7 The Applicants point to the fact that the Respondents failed to participate in mediation. There is no apparent explanation for this failure. Pursuant to section 68(1) of the Retail Leases Act1994, a dispute can only proceed in the Tribunal if the Registrar has certified that mediation has failed to resolve the matter or if the Tribunal is “otherwise satisfied that mediation ... is unlikely to resolve the dispute or matter”. Section 68(2) provides that one of the grounds for issuing a certificate is that a party has refused to take part in, or has withdrawn from mediation. In these circumstances, the comments of the Appeal Panel in O’Neill v Henry (No 2) RLD [2010] NSWADTAP54 are appropriate:

          “[9] Section 88 of the ADT Act sets out several considerations that may be taken into account in deciding whether it is “fair” to override the ordinary rule that each party bear its own costs and make a costs order. They give emphasis to the importance of fair conduct of litigation. The ADT Act provisions do not focus so much on the events that precede the commencement of litigation. The Court of Appeal in Cripps gave weight to those events. We agree with the Appellant’s submissions that the pre-litigation events are relevant to this case. The Respondent behaved in a way that ignored the central place of mediation in the resolution of retail lease disputes, and in effect forced the appellant to litigate.”
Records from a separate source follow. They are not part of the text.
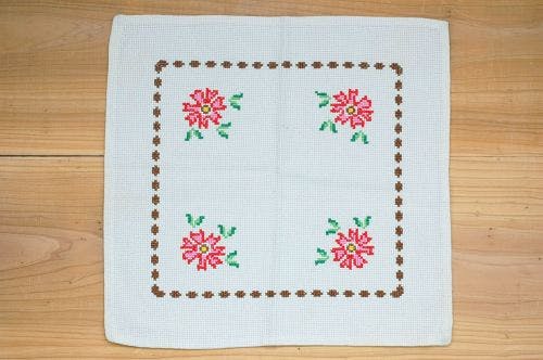 お花柄の刺繍ってそれだけで理屈なしに可愛いと思える魅力がありますね!こちらのクロスも、少女時代の気持ちを思い出させてくれるような優しい一枚です。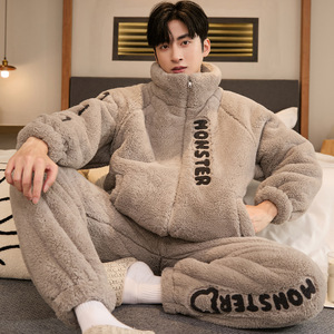 秋冬季珊瑚绒睡衣男士加厚加绒法兰绒保暖翻领大码青年家居服套装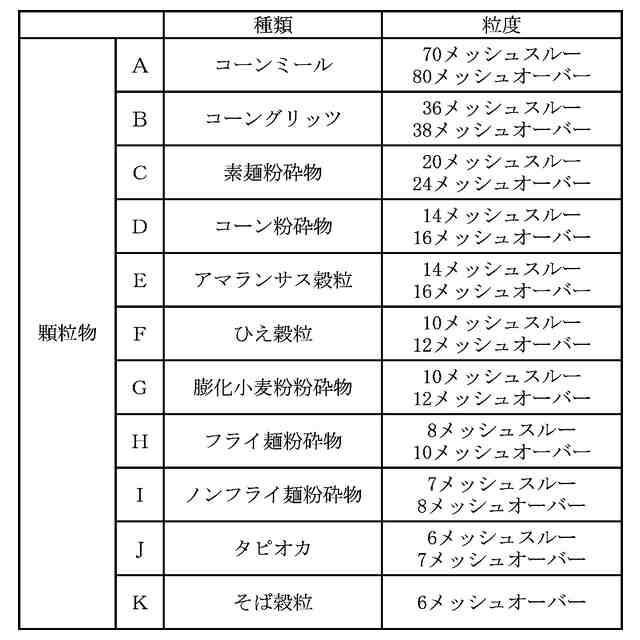 前記顆粒物は、穀粒、穀粒粉砕物、澱粉粒、即席麺粉砕物、乾麺粉砕物、パン粉及び膨化物粉砕物から選択される1種以上であり、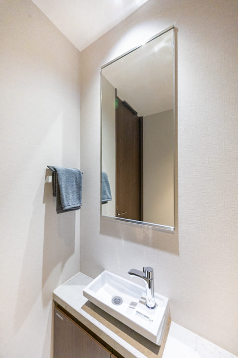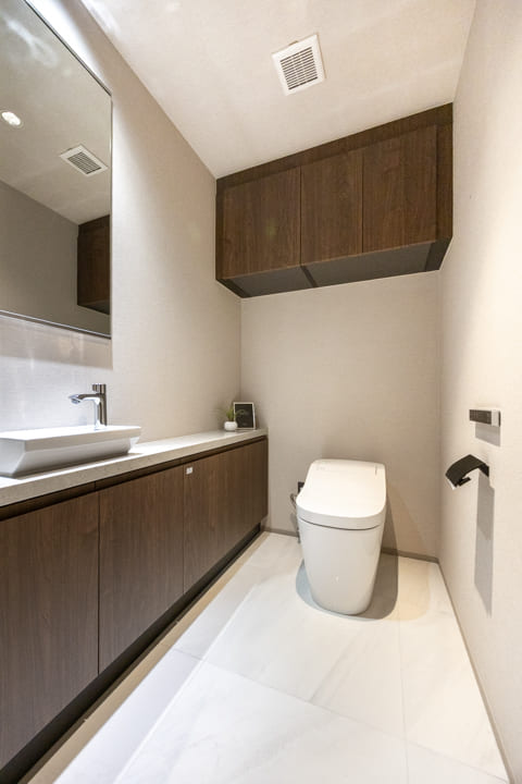 廊下に面していて独立性の高いレストルーム。スタイリッシュなタンクレストイレに新規交換済みです。手洗いカウンター付きなので、すぐに手を洗うことができて衛生的。ゲストを洗面室まで案内する手間もかかりません。トイレットペーパーや掃除用品は吊戸棚にすっきり収納してください。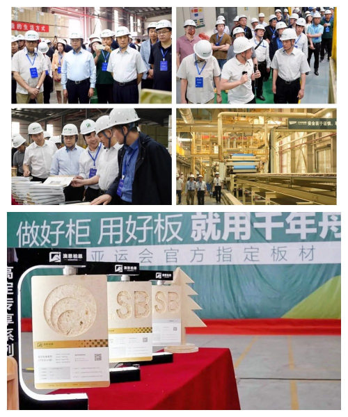 上午9時,由邳州市人大常委會主任呂巖、中國木材與木制品流通協會會長李佳峰、中國林產工業協會副會長錢小瑜牽頭組成的百人專業考察團隊,在千年舟集團副總裁方玉祥、千年舟集團江蘇澳思柏恩總經理毛善鋒陪同下近距離參觀邳州工廠的迪芬巴赫、亞聯生產線,直觀感受工業4.0智能制造的先進與高效,實地觀摩亞運品質好板的生產鏈路。
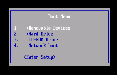 El Menú d'Arrencada és una llista de possibles dispositius per començar. La següent captura de pantalla és un exemple d'un Menú d'Arrencada: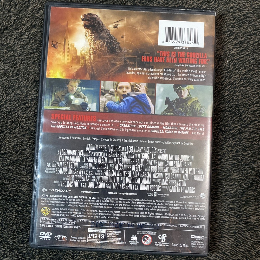 The product is the DVD release of the 2014 film "Godzilla" directed by Gareth Edwards. This PG-13 rated movie falls under the genres of Sci-Fi-Contemporary and Horror-Monsters. With a run time of 123 minutes, it is presented in English and produced by Warner Home Video. The DVD format allows viewers to enjoy the thrilling story and impressive special effects of this modern reimagining of the iconic Godzilla franchise.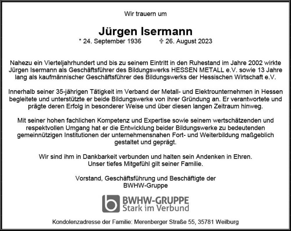 Hier finden Sie alle Traueranzeigen aus der Zeitung, die bisher für Jürgen Isermann erschienen sind. Weitere Traueranzeigen, die in der Zeitung erscheinen, werden hier ebenfalls aufgelistet

8 The Applicants failed in their claim for payment for costs of repainting the premises and for repairing windows which had been damaged. The Respondents had argued in a general way that the painting costs were excessive, and that they were not responsible for the repair to windows because the damage had been caused by the Applicants’ lawn mowing activities outside the premises. The Respondents’ arguments, which in general outline were that the Respondents were not personally liable for any unpaid rent or expenses for the removal of rubbish and fittings from the premises because they had notified the Applicants that they had chosen to incorporate, were clearly untenable, as I have outlined above. While a degree of latitude should be allowed to the self-represented Respondents when considering the unusually long time spent in hearing these proceedings, a significant amount of time was wasted by the way in which the Respondents’ case was conducted which included a degree of irrelevant questioning and tendering of evidence, as well as submissions which lacked merit.

9 The Applicants have succeeded with the majority of their claim, and were ready and willing to undertake mediation prior to the commencement of these proceedings. The Respondents did not participate in mediation for reasons which are not known, and conducted a largely unmeritorious response to the Applicants’ claims, occupying an excessive amount of hearing time. In the circumstances, it is fair to make an award of costs in favour of the Applicants, but to reduce same to reflect the failure of their claims for repainting of the premises and for repair of windows. An appropriate discount is 20%, given the totality of factors outlined above and the proportion of the Applicants’ claim which did not succeed.

      ORDERS

The Respondents are to pay 80% of the Applicants’ costs as are agreed or assessed.